Amit Shah says BJP yet to reach its peak, eyes power in Kerala, Bengal

NEW DELHI: The BJP may have notched up its best ever tally in the recent Lok Sabha polls but it is yet to reach its peak, its president Amit Shah asserted on Thursday, asking key party leaders to expand the organisation in new regions and bring more people into its fold.
Chairing a meeting of the party's national office bearers and its key organisational representatives from states, Shah said the party will reach its zenith when it will be running governments in states like Kerala and West Bengal, among others.
He also gave final touches to the party's membership drive, which will be launched soon with an aim to increase its members by 20 per cent, BJP general secretary Bhupender Yadav told reporters.

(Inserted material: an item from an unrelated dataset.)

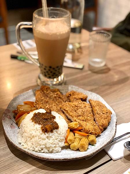 珍珠奶茶的部分,奶茶是使用奶精的奶茶,不難喝,可是我個人比較偏愛鮮奶茶所以會覺得奶茶有點膩,珍珠的口感是軟Q有嚼勁的那種,如果可以接受奶精奶茶的話,搭配起來是一杯蠻好喝的珍珠奶茶。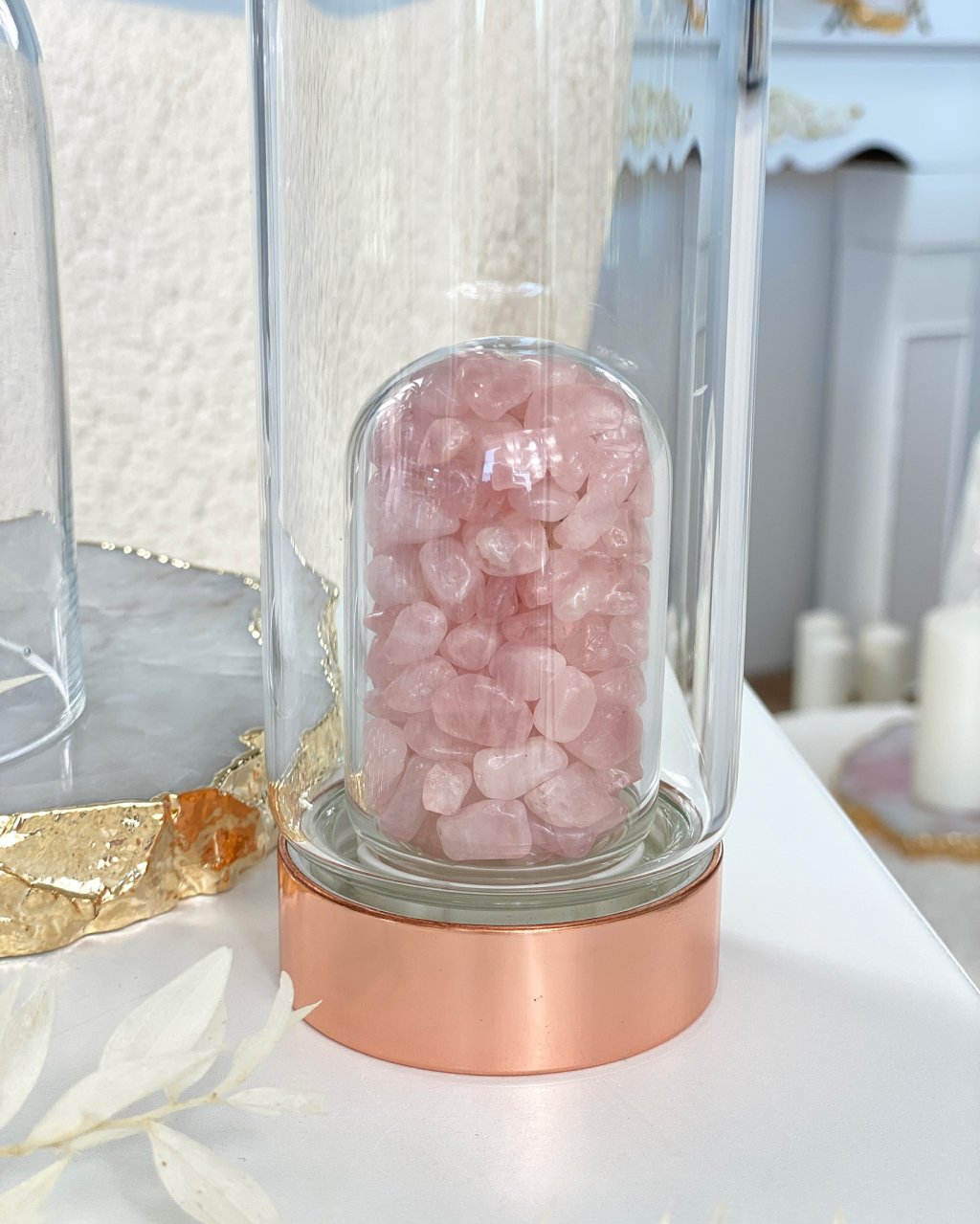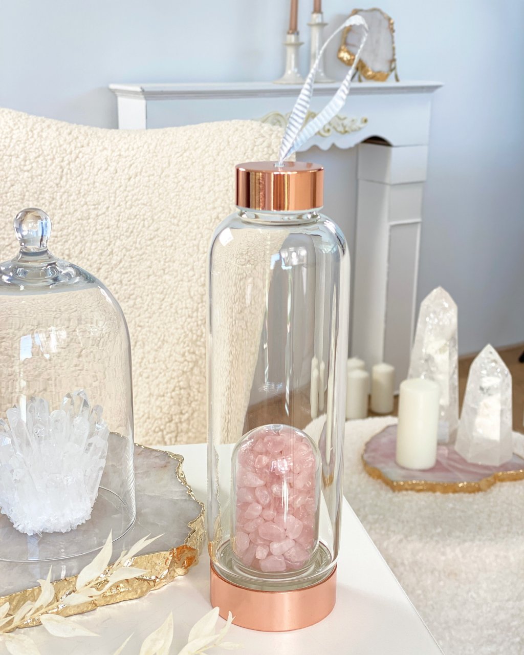 Skleněná láhev s minerály je nejenom skvělým prostředkem pro připomenutí si, jak zásadní roli ve zdravém životním stylu hraje hydratace, ale zároveň dává možnost každému z nás, užitím kohoutkové vody, ulevit planetě Zemi od jednorázových plastů, kterých se pouze v roce 2019 celosvětově prodalo víc než 480 miliard kusů, stejně tak ušetřit 99% oproti ceně balené vody. V dvojitém dnu je tromlovaný ametyst, minerál, který aktivně působí na vodu skrz vibrace, i když se jí fyzicky nedotýká. Již po 30 minutách je z ní detoxikující, tkáně prokrvující elixír.

Yadav said the schedule of the drive, whose in-charge will be former Madhya Pradesh chief minister and BJP vice president Shivraj Singh Chouhan, will be announced in a few days and that the party's organisational polls will follow the exercise.
Dushyant Gautam, Suresh Pujari, Arun Chaturvedi and Shobha Surendran will be co-incharges of the drive. Shah, party sources said, will continue as its national president till the organisational elections are over.
The entire exercise may take several months to be concluded, which means that the party may fight assembly elections in three states -- Haryana, Jharkhand and Maharashtra -- later this year under him.
In his address at the meeting, Shah told party leaders that the Narendra Modi government's return to power with a massive mandate mark the victory of the BJP's agenda of nationalism, good governance and welfare of the poor.
Quoting Shah, Yadav said the party president recounted its growth since the days of Jana Sangh, the forerunner to the BJP. Shah said the BJP strengthened itself in states like West Bengal, Odisha and Telangana during the last five years while maintaining its dominance in states where it had done well in the last general elections.
In a similar way, the party will expand itself in new states in the coming years, he said. Shah noted that he had made a similar observation during his presidential address at the party's national council in August 2014 and has been proved correct with the party improving its tally of 282 seats by wining 303 seats in the recent polls.
While the BJP witnessed big success in states like West Bengal and Odisha, two places where it had always been a marginal player, it was unable to win any seat in the three southern states of Tamil Nadu, Kerala and Andhra Pradesh. The party there has to expand its reach and win over new sections of society.
Yadav said Shah credited the hard work of crores of party supporters at the booth level for the BJP getting more than 50 per cent vote share in 220 seats in the general elections and winning over 303 seats.
This mandate is against casteism, family rule and communalism, the party president said and noted the decimation of the SP-BSP alliance in Uttar Pradesh which, he added, had ended the myth about the strength of caste-based parties.
The BJP had claimed that it had 11 crore people as its members during its 2014 drive. The party now aims to bump up the membership by 20 per cent more.